Firstly, as exhaustively pointed out, The Stack Is An Implementation Detail, it's completely irrelevant to most discussions about reference and value types.

It's actually all about reference semantics, which you get by using class, a opposed to value semantics with struct. In other words: reference types are always passed by reference, a variable of such an object points to the object rather than being the object.

To come back to your question:

Essentially, the root/head object referred to by l3 always points to the head of the list. l4 represents the current node. Better variable names would have made this easier to understand.

l3 always points to the head object, this object can still access other linked objects using its next variable, which is also a pointer (because of reference semantics).

l4 is first assigned to this node. When you modify l4.next, you are also modifying the same object as l3.next. Then when you assign l4 = l4.next; you can also access that node via l3.next.next.
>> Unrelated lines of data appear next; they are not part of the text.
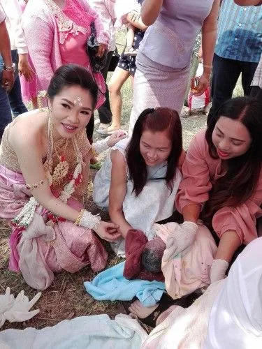 ขณะเดียวกัน น.ส.มยุรี เจ้าสาว และนายณัฐพงษ์ เจ้าบ่าว พร้อมเพื่อนๆ มาดูเหตุการณ์คลอดฉุกเฉินของเพื่อน ทุกคนต่างแสดงความดีใจ รวมทั้งแขกที่มาร่วมงานต่างแสดงความยินดี โดยพูดเป็นเสียงเดียวกันว่า ถือเป็นฤกษ์ดีมหามงคลของงานแต่งงาน ที่มีเด็กทารกแรกคลอด โผล่ลืมตาดูโลกกลางงานแต่งและเป็นโชคดีของเจ้าบ่าวเจ้าสาว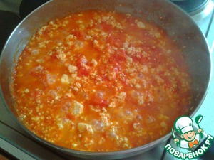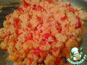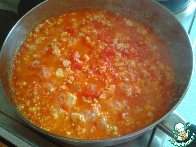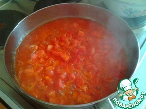 Добавить порезанные помидоры и тушить минут 5. Нужно, чтобы большая часть влаги выпарилась.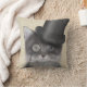 Grey Cat with Top Hat Throw Pillow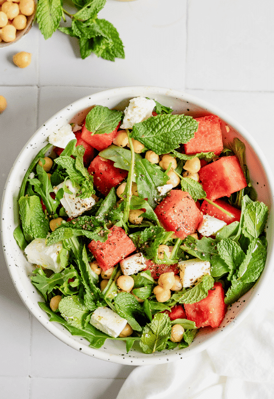- Combine the watermelon, chickpeas, arugula, mint, and feta in a bowl.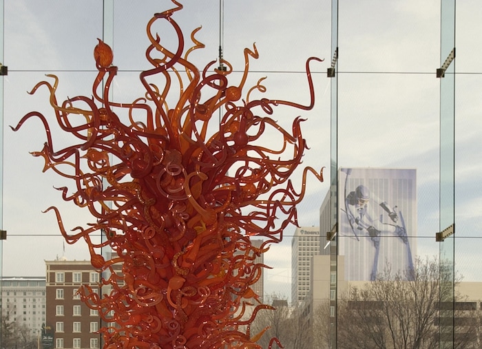Since 2001, the lobby has been home to a towering 27-foot high glass sculpture by Dale Chihuly, made up of 1,276 pieces of hand-blown, red, orange and yellow glass and inspired by the Olympic flame.

There is no broken link. The statement "That is l3 also points to 0->1->2->4->null on the heap." should be "That is the object pointed to by l3 also points to 0->1->2->4->null." and that object remains, and was modified via l4.

It's the objects themselves which do the pointing, you therefore have double indirection: l3 variable points to a node, which itself points to l4 which points to another node and so on.

So when it loops back again, l4 now points to the second node in the linked list. l4 is modified so that it then points to the next node according to the merge criteria. Then we again assign l4 = l4.next; so that we can attach the fourth node to the third.